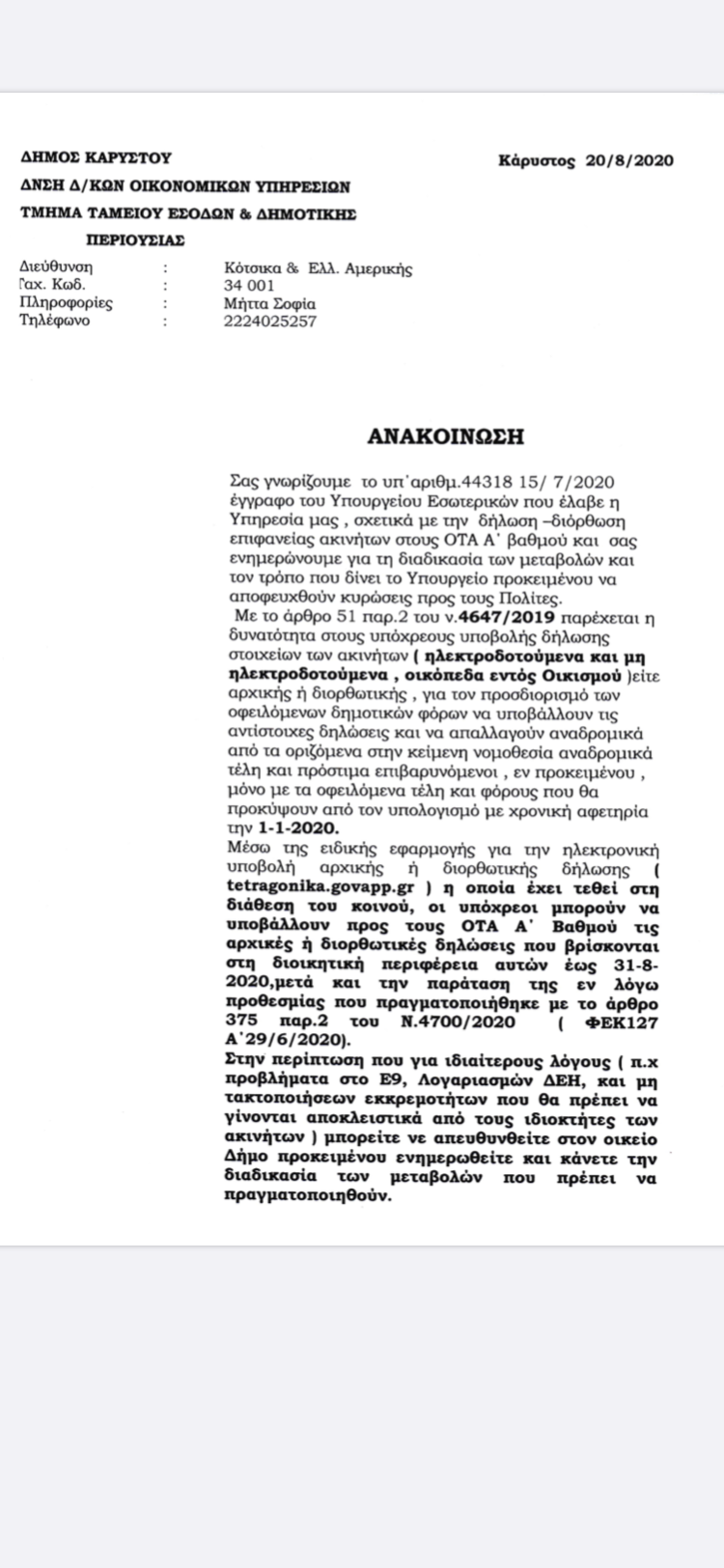 Είναι, επίσης, δεδομένο ότι η έκτακτη κατάσταση στην οποία βρισκόμαστε για πολλούς μήνες, εξαιτίας της πανδημίας του κορωνοϊού, έχει δημιουργήσει δυσκολίες σε πολλούς πολίτες, ιδιαίτερα μεγαλύτερης ηλικίας και όχι εξοικειωμένους με το διαδίκτυο, να ολοκληρώσουν αυτές τις δηλώσεις.
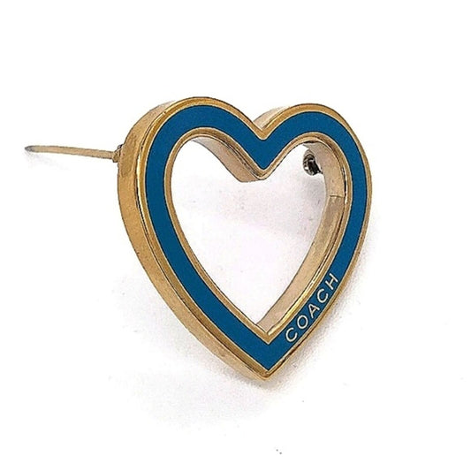 COACH Vintage Heart Pin Brooch in Sky Blue and Gold Tone Purse Backpack Charm
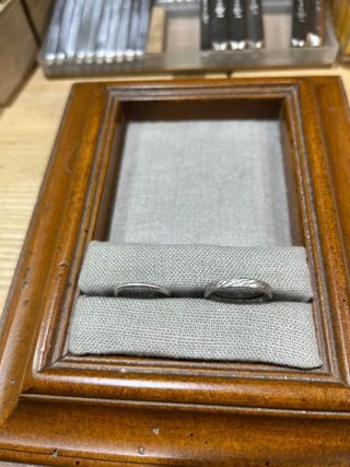 結婚指輪と婚約指輪を重ね付けできるか、組み合わせは拘っていましたが、過去の作成物の画像やサンプルを拝見してイメージがわきやすかったです。 そしてなんと言っても、指輪への拘りについては全て叶いました。指輪裏のメッセージも手書きで彫刻を入れていただけるため、指輪へのこだわりが強い人はぜひ相談されてみてください。
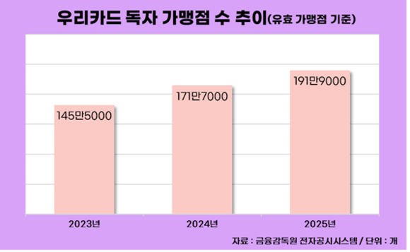 지난해 말 독자 가맹점 수는 191만9000개로 200만 개를 눈 앞에 두고 있다. 자체 결제망을 구축한 2023년 145만5000개에서 2024년 171만7000개로 18.0% 증가했고, 지난해에도 11.7% 늘었다.
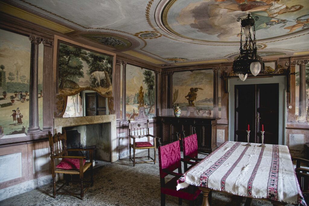 - La sala da pranzo: affrescata dal pittore Andrea Urbani, che ha creato un ambiente ricco di dettagli e colori.
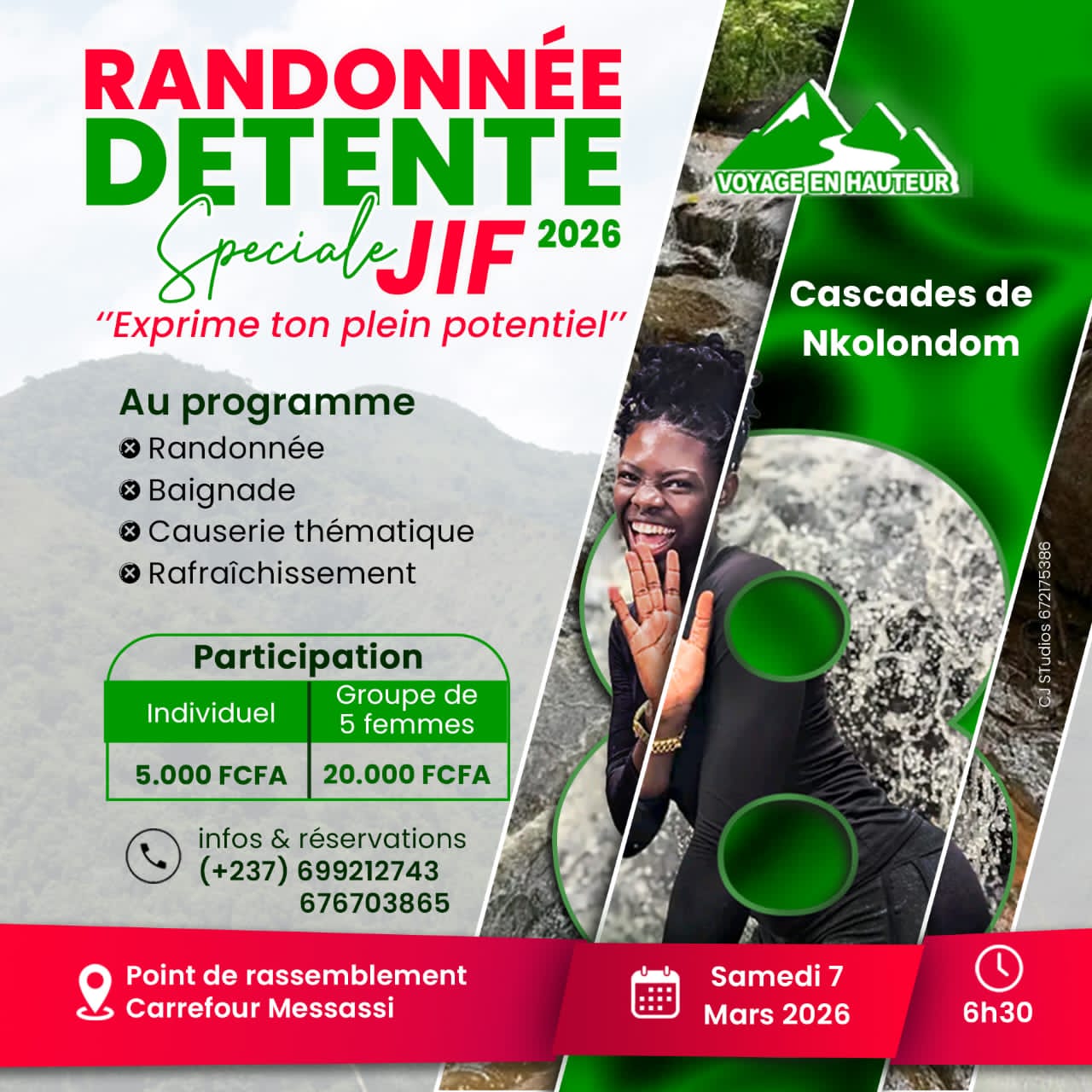 La baignade est également au programme de la randonnée détente organisée par l’agence Voyage en Hauteur ce samedi 7 mars dès 7 h 30 aux cascades de Nkolondom, dans le premier arrondissement de la capitale. Préparez votre maillot de bain pour une immersion dans les eaux de ce spectaculaire cours d’eau situé à proximité du marché Messassi, point de départ de l’expédition.
======
# [What to produce]
In the listing above, retype exactly, and only, the lines from the one containing "지난해 말 독자 가맹점" through the last line, both included. Omit the pictures.

# [Output for this task]
 지난해 말 독자 가맹점 수는 191만9000개로 200만 개를 눈 앞에 두고 있다. 자체 결제망을 구축한 2023년 145만5000개에서 2024년 171만7000개로 18.0% 증가했고, 지난해에도 11.7% 늘었다.
 - La sala da pranzo: affrescata dal pittore Andrea Urbani, che ha creato un ambiente ricco di dettagli e colori.
 La baignade est également au programme de la randonnée détente organisée par l’agence Voyage en Hauteur ce samedi 7 mars dès 7 h 30 aux cascades de Nkolondom, dans le premier arrondissement de la capitale. Préparez votre maillot de bain pour une immersion dans les eaux de ce spectaculaire cours d’eau situé à proximité du marché Messassi, point de départ de l’expédition.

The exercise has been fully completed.